Content starts
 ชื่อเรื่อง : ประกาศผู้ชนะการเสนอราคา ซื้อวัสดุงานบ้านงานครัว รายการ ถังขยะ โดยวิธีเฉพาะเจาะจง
Content ends
Content starts
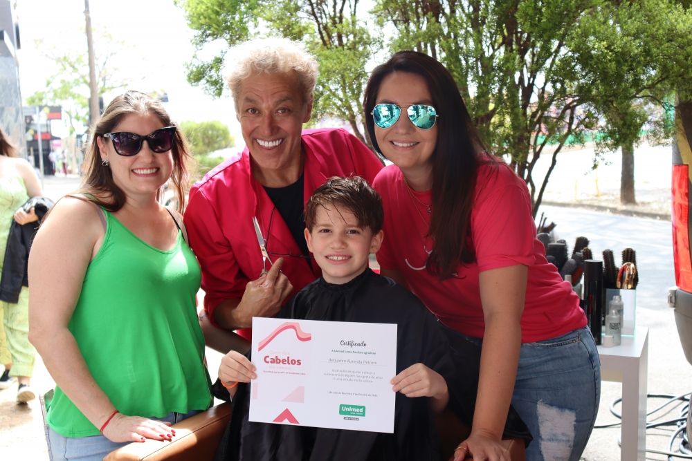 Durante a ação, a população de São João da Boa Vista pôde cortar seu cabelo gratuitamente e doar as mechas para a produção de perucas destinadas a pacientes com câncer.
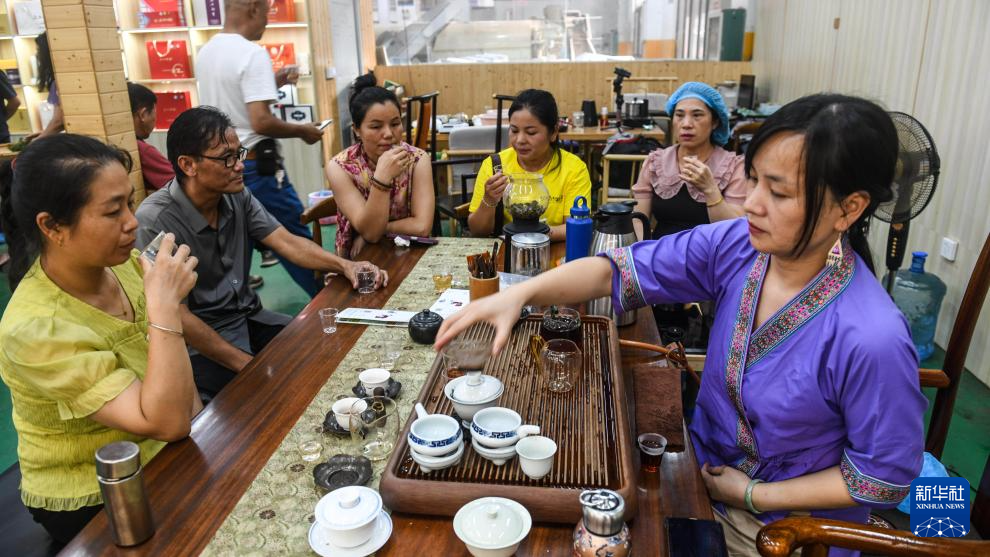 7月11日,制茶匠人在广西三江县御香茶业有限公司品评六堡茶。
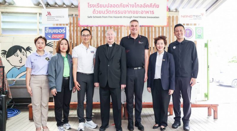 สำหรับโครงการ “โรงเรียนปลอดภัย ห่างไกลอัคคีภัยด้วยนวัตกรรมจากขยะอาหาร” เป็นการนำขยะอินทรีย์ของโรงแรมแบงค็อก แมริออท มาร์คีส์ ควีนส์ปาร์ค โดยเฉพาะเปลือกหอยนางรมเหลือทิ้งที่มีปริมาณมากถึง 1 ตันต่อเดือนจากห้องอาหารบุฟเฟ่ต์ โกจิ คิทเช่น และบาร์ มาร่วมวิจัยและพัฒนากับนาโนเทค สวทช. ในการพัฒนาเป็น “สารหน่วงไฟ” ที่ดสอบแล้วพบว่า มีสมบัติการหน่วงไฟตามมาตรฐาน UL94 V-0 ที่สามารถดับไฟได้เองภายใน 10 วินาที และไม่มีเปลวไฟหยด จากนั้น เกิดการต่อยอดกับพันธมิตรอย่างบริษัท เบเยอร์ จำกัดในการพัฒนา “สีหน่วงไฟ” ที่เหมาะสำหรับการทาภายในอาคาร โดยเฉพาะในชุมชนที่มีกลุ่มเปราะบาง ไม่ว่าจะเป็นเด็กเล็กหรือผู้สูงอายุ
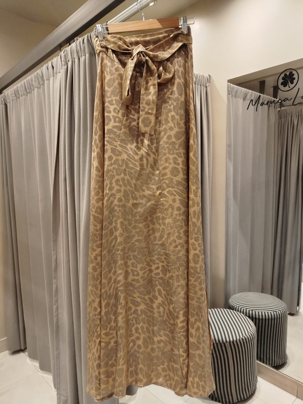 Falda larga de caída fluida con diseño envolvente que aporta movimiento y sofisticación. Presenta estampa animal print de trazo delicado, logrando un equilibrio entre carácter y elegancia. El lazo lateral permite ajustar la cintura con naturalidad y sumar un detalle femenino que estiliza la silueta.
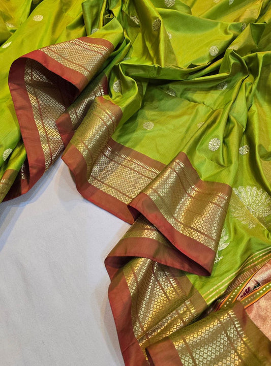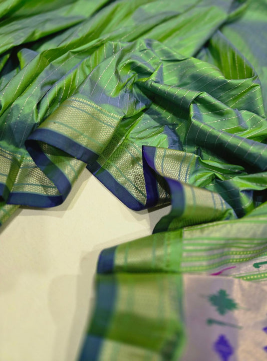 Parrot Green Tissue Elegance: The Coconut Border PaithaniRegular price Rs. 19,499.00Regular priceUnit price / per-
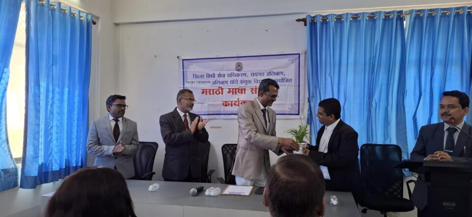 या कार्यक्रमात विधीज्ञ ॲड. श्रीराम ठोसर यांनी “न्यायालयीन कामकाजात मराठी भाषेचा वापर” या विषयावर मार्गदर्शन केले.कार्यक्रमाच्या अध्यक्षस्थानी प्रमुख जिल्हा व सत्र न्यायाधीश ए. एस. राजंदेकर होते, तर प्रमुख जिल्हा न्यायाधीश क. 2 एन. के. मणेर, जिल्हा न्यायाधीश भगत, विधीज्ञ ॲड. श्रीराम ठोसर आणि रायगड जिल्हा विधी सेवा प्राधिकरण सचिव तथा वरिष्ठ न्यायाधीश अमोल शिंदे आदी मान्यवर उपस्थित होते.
Content ends
What you need to do: Look above for the line holding "7月11日,制茶匠人在广西三江县御香茶业有限公司品评六堡茶。" and output everything from it down to the line holding "เป็นการนำขยะอินทรีย์ของโรงแรมแบงค็อก แมริออท มาร์คีส์", both ends included, exactly and without images.

Finished exercise:
 7月11日,制茶匠人在广西三江县御香茶业有限公司品评六堡茶。
 สำหรับโครงการ “โรงเรียนปลอดภัย ห่างไกลอัคคีภัยด้วยนวัตกรรมจากขยะอาหาร” เป็นการนำขยะอินทรีย์ของโรงแรมแบงค็อก แมริออท มาร์คีส์ ควีนส์ปาร์ค โดยเฉพาะเปลือกหอยนางรมเหลือทิ้งที่มีปริมาณมากถึง 1 ตันต่อเดือนจากห้องอาหารบุฟเฟ่ต์ โกจิ คิทเช่น และบาร์ มาร่วมวิจัยและพัฒนากับนาโนเทค สวทช. ในการพัฒนาเป็น “สารหน่วงไฟ” ที่ดสอบแล้วพบว่า มีสมบัติการหน่วงไฟตามมาตรฐาน UL94 V-0 ที่สามารถดับไฟได้เองภายใน 10 วินาที และไม่มีเปลวไฟหยด จากนั้น เกิดการต่อยอดกับพันธมิตรอย่างบริษัท เบเยอร์ จำกัดในการพัฒนา “สีหน่วงไฟ” ที่เหมาะสำหรับการทาภายในอาคาร โดยเฉพาะในชุมชนที่มีกลุ่มเปราะบาง ไม่ว่าจะเป็นเด็กเล็กหรือผู้สูงอายุ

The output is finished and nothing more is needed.